Here we show SQL constructs using the Lahman baseball dataset (downloaded from https://github.com/jknecht/baseball-archive-sqlite). We also show how to use a SQL database inside Rmarkdown.

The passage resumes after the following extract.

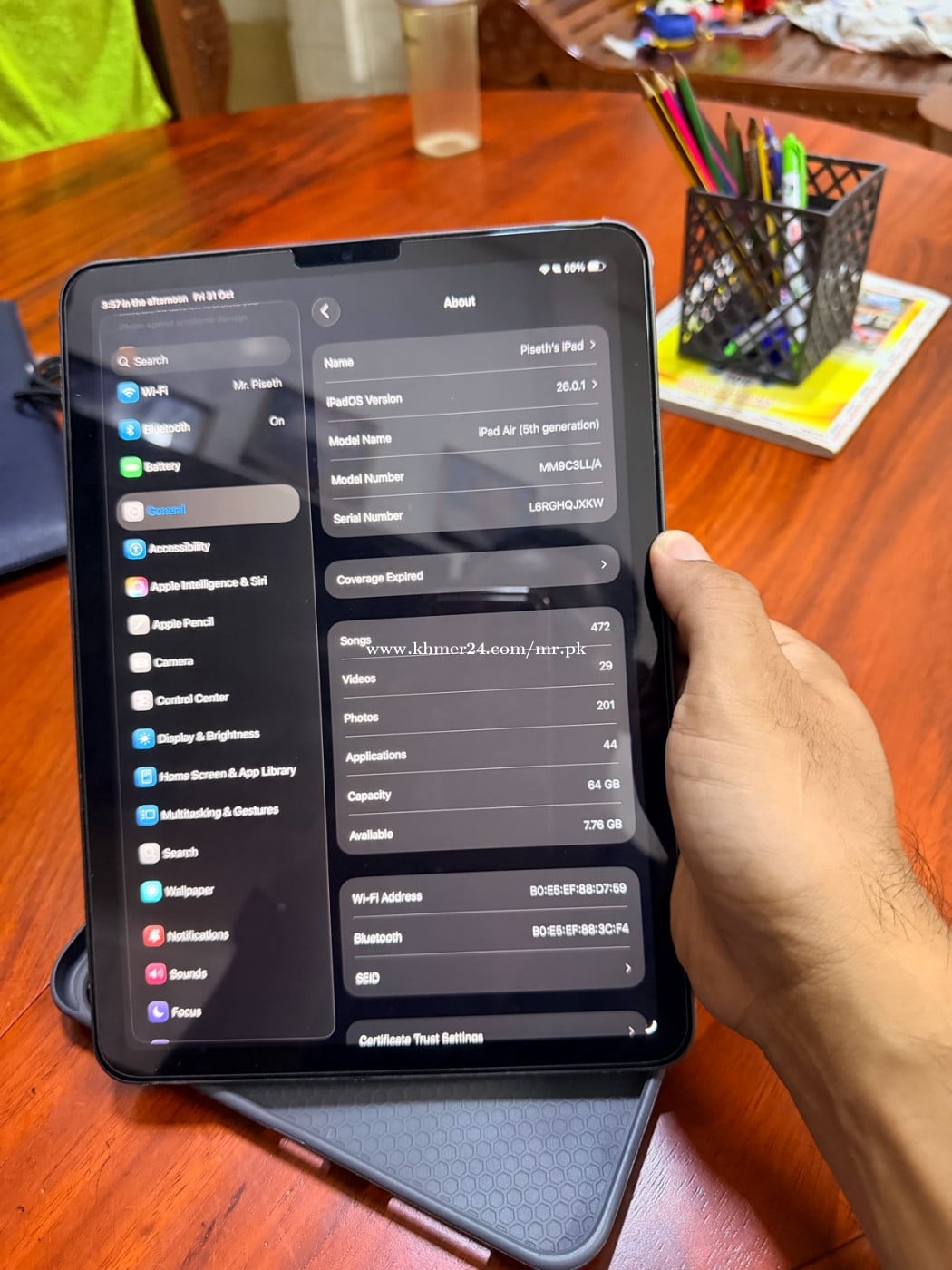 iPad air 5th, CPU M1 64G Wifi only ស្អាត 99%, សំនុំហ្ស៊ីន មិនដែលជួសជុល មានឆ្នាំងសាក ខ្សែសាក និងប្រអប់

First, we create a connection to the database. In this case, we are using a SQLite
database. A good system to prototype database designs. To make the most of a database system, one would use some of the more powerful products: Oracle, Microsoft SQLServer, MySQL (MariaDB), PostgreSQL or other. In all cases, the way to create a connection to the server from Rmarkdown is the same.
library(DBI)
db <- dbConnect(RSQLite::SQLite(), dbname="../lecture-notes/data/lahman2016.sqlite")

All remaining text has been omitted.